Recent Press: ALLEN FRAME in ARTFORUM
February 1, 2019 - Matthew Weinstein
ALLEN FRAME: INNAMORATO
curated by LIA GANGITANO
PRATT INSTITUTE Oct—Dec 2018
“Innamorato,” an exhibition by the writer, filmmaker, and photographer Allen Frame, was dominated by Ennio, 2018, a room-size installation made up of more than fifty found Italian Mussolini-era photographs of an air force pilot, his sister, and a handsome young man. The pictures, hung salon style, were set into a variety of secondhand frames. The subjects of the photos appeared well off, beautiful, and youthful. They could be seen with skis in the mountains and cavorting on beaches, bringing to mind the bourgeois family in Vittorio De Sica’s 1970 film The Garden of the Finzi-Continis.
Seven photographs of Ennio were printed by Frame from negatives he purchased along with the photos. Every portrait is full body, and in each one the man is ready for pleasure, be it in sun or snow. Is he an object of desire for whomever took the pictures? Is it the handsome friend and his sister who yearn for him?
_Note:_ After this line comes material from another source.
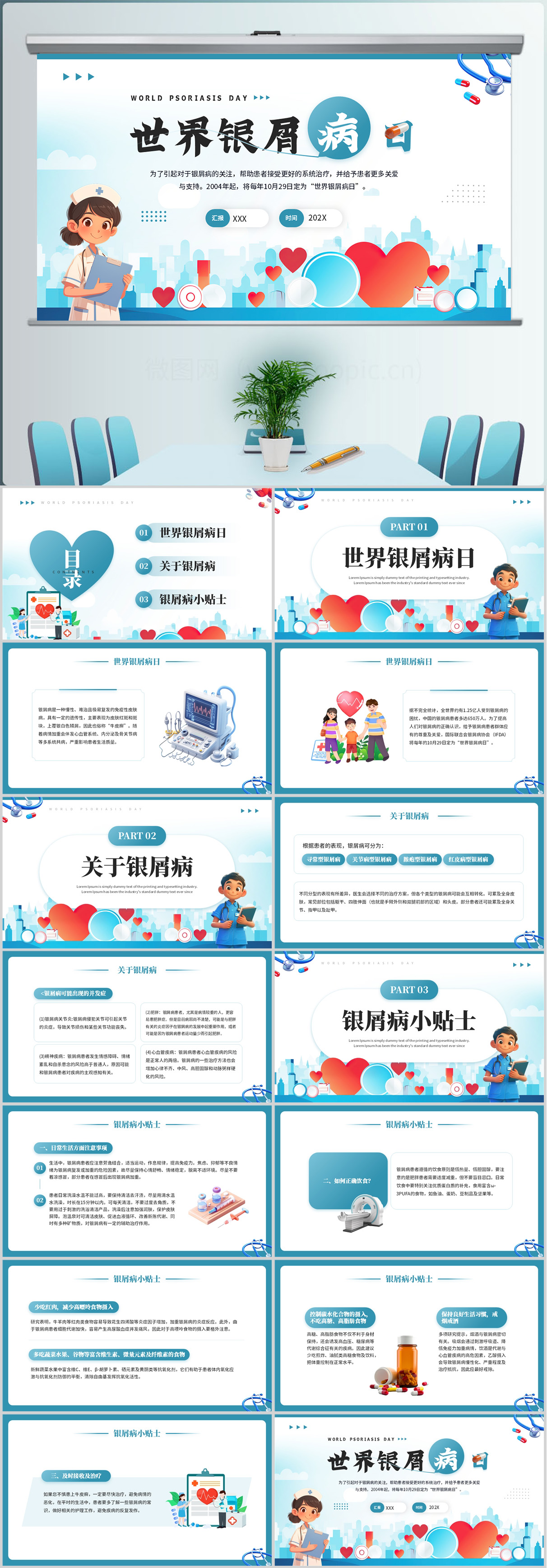 蓝色卡通世界银屑病日介绍ppt模板

Or is it the artist, who rescued these people from the obscurity of a flea market? Or could it be us? Perhaps it’s all of the above. Included in the installation were hand-written passages in Italian taken from Absalom, Absalom! (1936), William Faulkner’s tale of a sibling love triangle—thus revealing the narrative that Frame projected onto the images.
In the same room as Ennio was a Super 8 film, made by the artist when he was nineteen, capturing his childhood friend Barry. Frame lingers over the soulful-looking and shaggy-headed Barry. It’s difficult to not love Barry a little bit, because Frame’s affection for him is so palpable. The artist, whose best-known photographic work consists of obscured portraits of various acquaintances in intimate states of reflection, was clearly on his way to his mature work.
Photography can run counter to morality, particularly where issues of privacy and ownership are concerned; yet art that violates these boundaries is often the most interesting. By weaving his fantasies into the private lives of these unknown figures, presumably deceased—or inserting himself into the stories of people he wants to be—Frame is not unlike Tom Ripley, Patricia Highsmith’s dangerously charming confidence man.
Queer desire, as it has been represented in art, exists between the polarities of melancholic longing and overfulfillment. One could place Frame alongside Richard Hawkins and Jack Pierson, artists whose work represents a condition in which sexual satisfaction is a warm interior, and they are standing just outside of it, their noses pressed up against the glass.
Curator Massimiliano Gioni’s 2016 exhibition at New York’s New Museum “The Keeper” explored the idea of the artist as collector. Artists such as Henrik Olesen and Hank Willis Thomas, both of whom were in the show, amass and exhibit visual archival material bound up with their own sociopolitical identities. Other artists, similar to Frame, deal with collective memory by exhibiting other people’s family photos: Délio Jasse and Oliver Wasow, who retrieve and sort countless online images, come to mind. A market, along with a certain kind of connoisseurship, has developed for the anonymous photo.
What makes this more sentimental order of appropriation relevant is how it positions itself in relation to the massive collective memory that is the internet, and it doesn’t matter if the image is rooted in a lived moment or not. The impulses to present the image as analogue or digital are beside the point, especially in relation to the broader idea that our memories have never really been entirely our own.